As the year closes, leading online security vendors are looking into their crystal balls - or rather, reviewing recent trends of trickery - to predict the top cyber scams of 2014. Some notables worth a mention:
TVs watching you. Many traditionally "dumb" devices are getting "smarter" - televisions, gaming systems and even baby monitors are being connected to the Internet and often contain cameras or microphones. So, many cybercops predict them to be a magnet for attack, such as remote spying. (Think: While you're watching TV, scammers are watching you from afar.) Expect more focus from the security folks on closing current vulnerabilities on the many devices connected to the "Internet of Things" - and more emphasis for owners of such gizmos to update their security software.
Ransomware will become an even bigger threat. In this scam, the crooks remotely freeze your computer, then demand money to make it work again. They may pretend to be the FBI, saying you've been watching porn. Or they may offer to sell you bogus security software to remove a supposed online virus. The FBI and others strongly advise you don't pay, since that can just lead to more extortion. Ransomware is also expected to move from computers to include smartphones and other devices.
Destroying data rather than collecting it. In the past, cybercrooks primarily focused on collecting sensitive data for profit. But in 2013, according to an IBM Cyber Security Intelligence report, there's been an increase in sabotage vs. espionage attacks - hackers get inside big institutional systems and erase huge volumes of data. The take-home message: Securely back up on thumb drives or other "offline" storage devices info you don't want to lose in corporate security breaches.
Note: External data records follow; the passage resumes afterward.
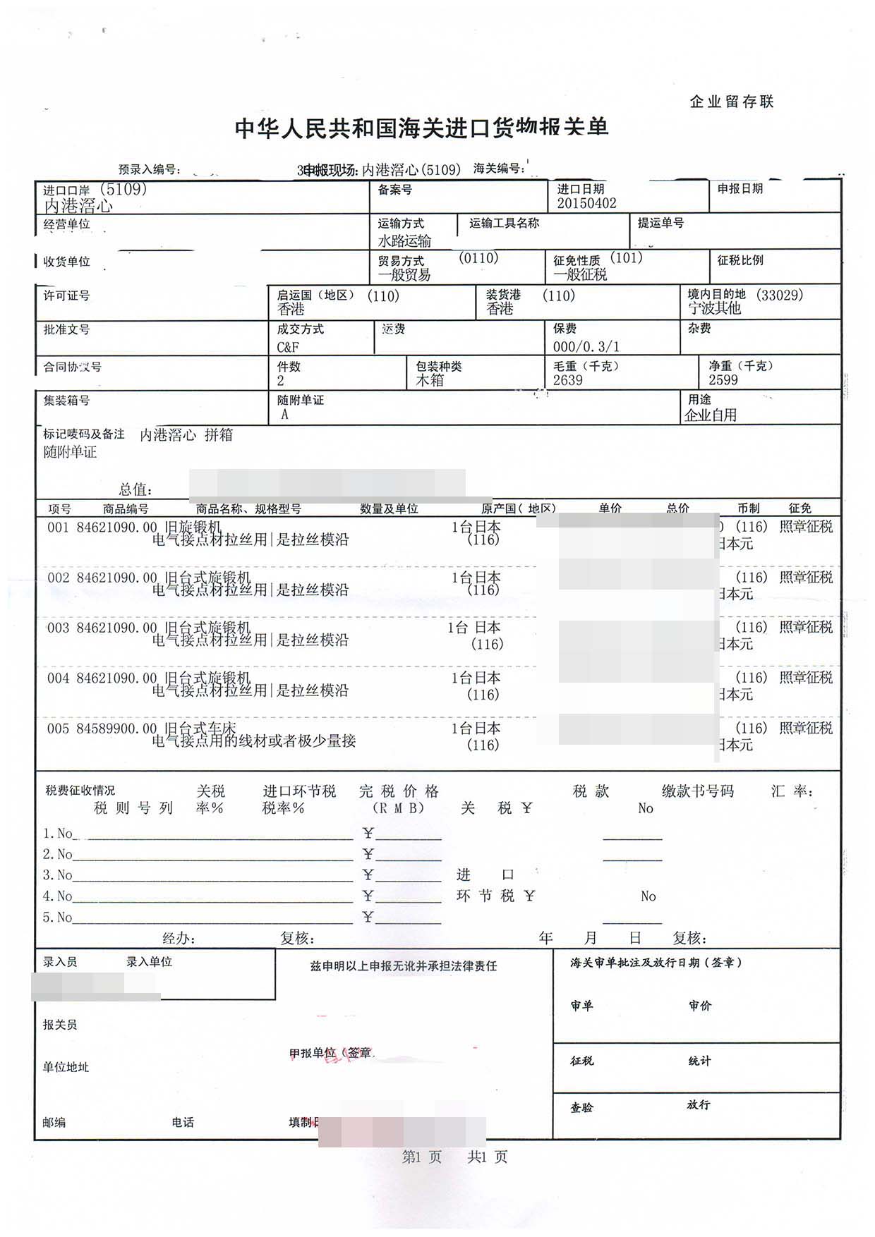 一、舊旋鍛機進口報關手續(xù)資料
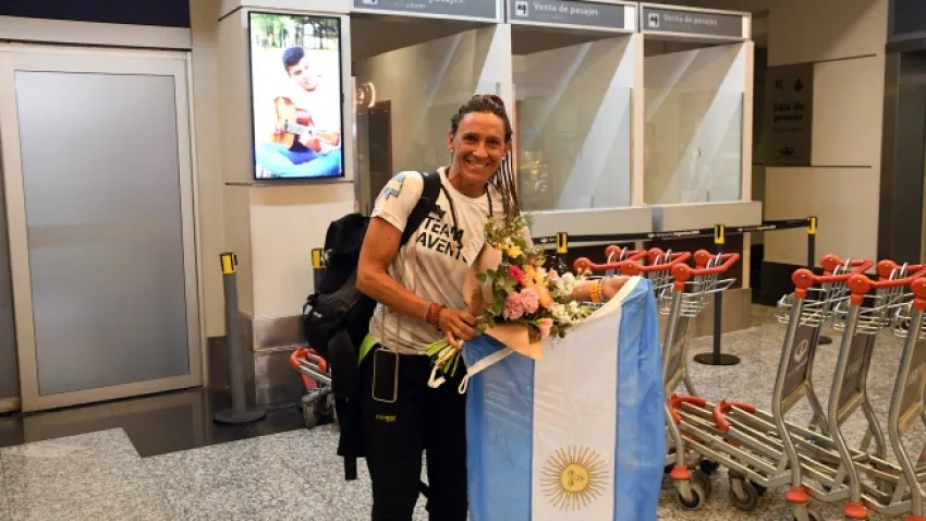 En el Aeropuerto El Plumerillo la esperaban sus familiares, amigos y el equipo del Team Aventura con el que entrena, y la deportista tenía desplegadas entre su equipaje algunas de las banderas que la acompañaron en esta proeza.
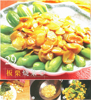 提示:板栗可补肾强筋。两种食物同用,可按秋时补肺,亦为冬季补肾做好准备。
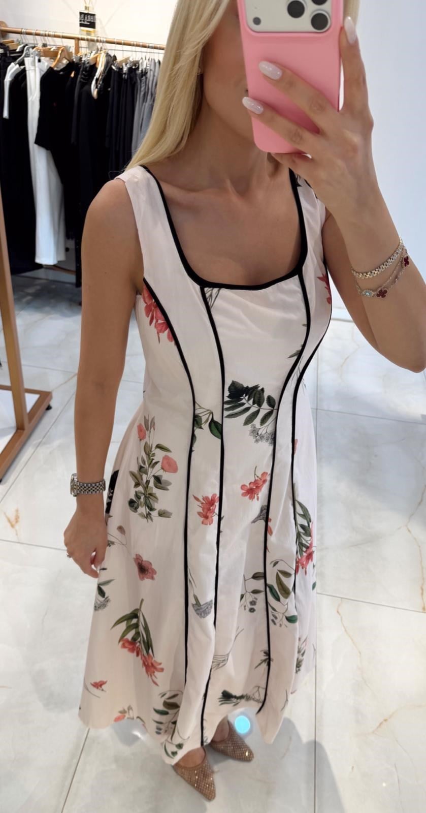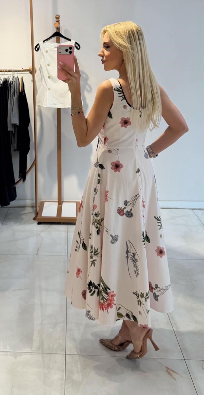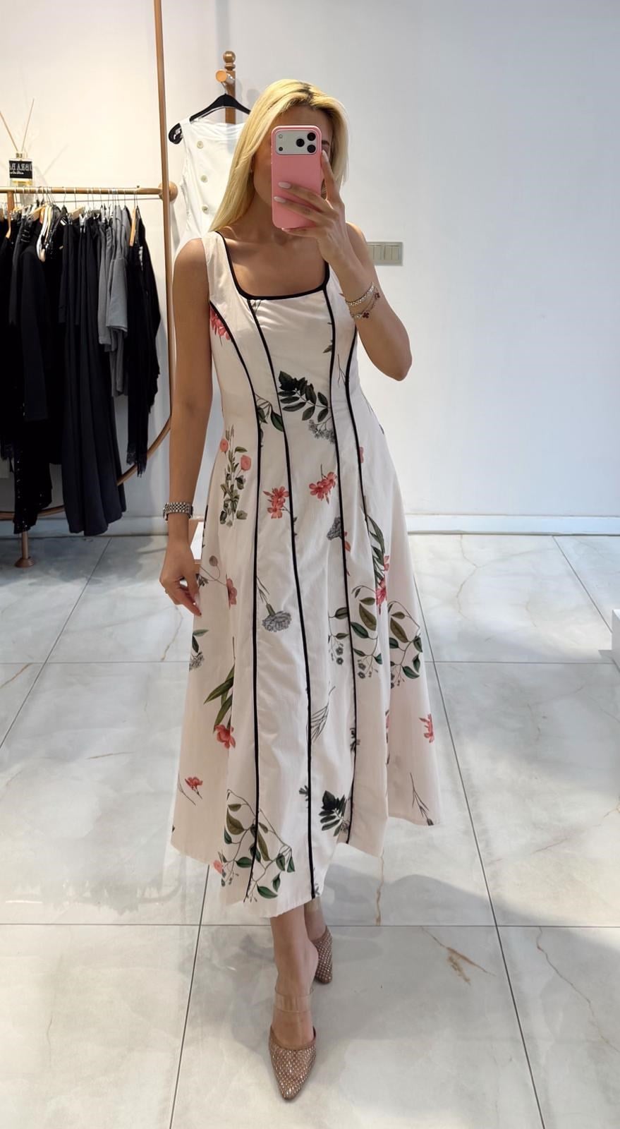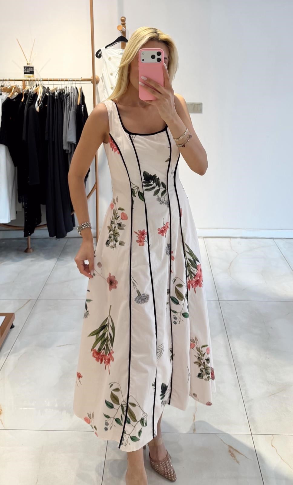 SİYAH BİYELİ ÇİÇEKLİ MİDİ ELBİSE (ST01791-EKRU-S)

Loving the "Like." In addition to schemes on Facebook that use the "Like" button to lure you to reveal personal information in order to watch videos or get "free" prizes, beware of mobile apps that promise to secure you more "Likes." Already, reports Symantec, more than 100,000 people revealed their login details to a dubious Russian behind one app promising more "Likes" for users' Instagram postings.
More mobile malware. Cybercrooks used to focus their attacks mainly on desktop computers. In recent years they've been expanding to include smartphones, tablets and other mobile devices - and that trend is expected to continue in 2014. So it's a great time to brush up on ways to secure your smartphone and other devices.
Targeting software developers. Remember October's data breach of Adobe's computer system, which leaked names, encrypted credit and debit card numbers and other sensitive information of millions of customers? Kaspersky predicts more of the same, with hackers increasing their efforts on companies that develop software. It's another reason to take heed of headlines reporting such attacks - and quickly utilize security updates and patches that are issued after the breaches occur.